Part of Leeson's mission, she says, is spreading information about nutrition and educating parents about Juice Plus+ products as a tool to supplement a health lifestyle.
Leeson says her own experience with Juice Plus+ started when she wanted to make delicious, healthy food that could taste like the rich foods she was accustomed to making as a chef.
"Food is paramount to me," Leeson said. "But I didn't put it together until I started volunteering and became a board member for Health Link, an environmental group on the North Shore."
At Health Link, Leeson saw research on how local soils are contaminated and because of that, fruits and vegetables are compromised.
"I ate a lot of fruit and vegetables and was doing well but I realized it wasn't enough," she said. "I started seeing the bigger picture; that food can build you up or tear you down."
Since then, Leeson has been running nutritional seminars and cooking classes with various local groups and out of people's homes.
While she says she never requires anyone buy the Juice Plus+ Products, she does stand behind them and the research behind the products.
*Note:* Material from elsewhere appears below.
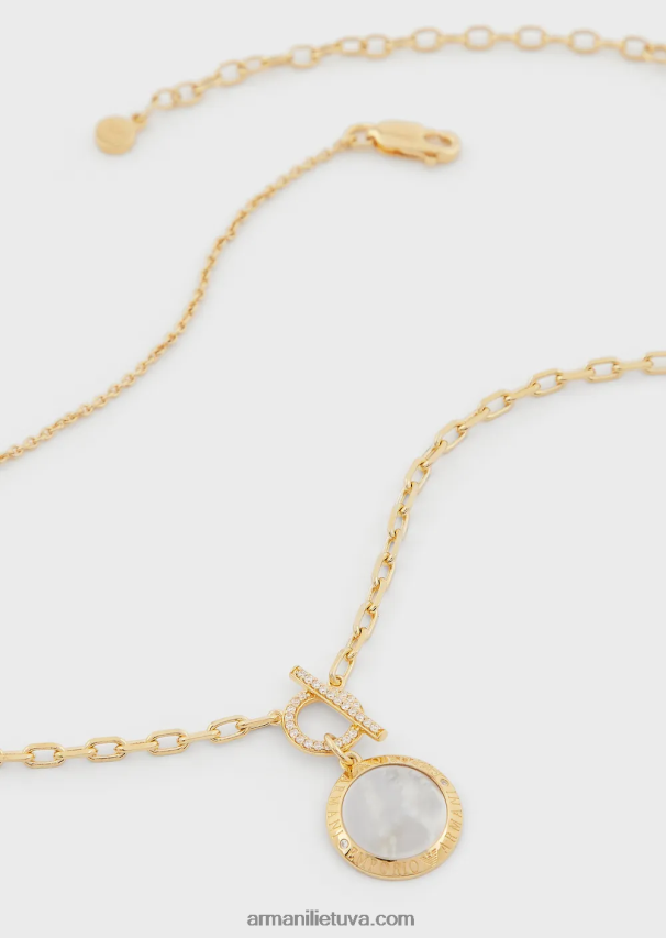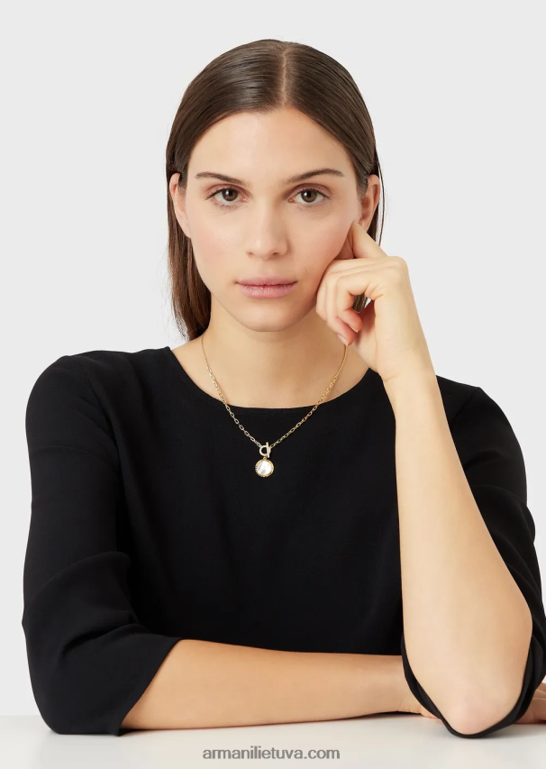 moterys auksas Armani baltas perlamutro kaklo papuošalas 02482X805

"I put the information out there and people can decide. I don't want people buying it that don't understand the value of it," Leeson said. "People are so oriented with wanting things right now but you have to build the foundation of nutrition from the inside out."
On Friday, Leeson hopes anyone interested in nutrtion comes to the educational seminar.
"I hope people come and listen to the tips and get some good recipes they can try," Leeson said.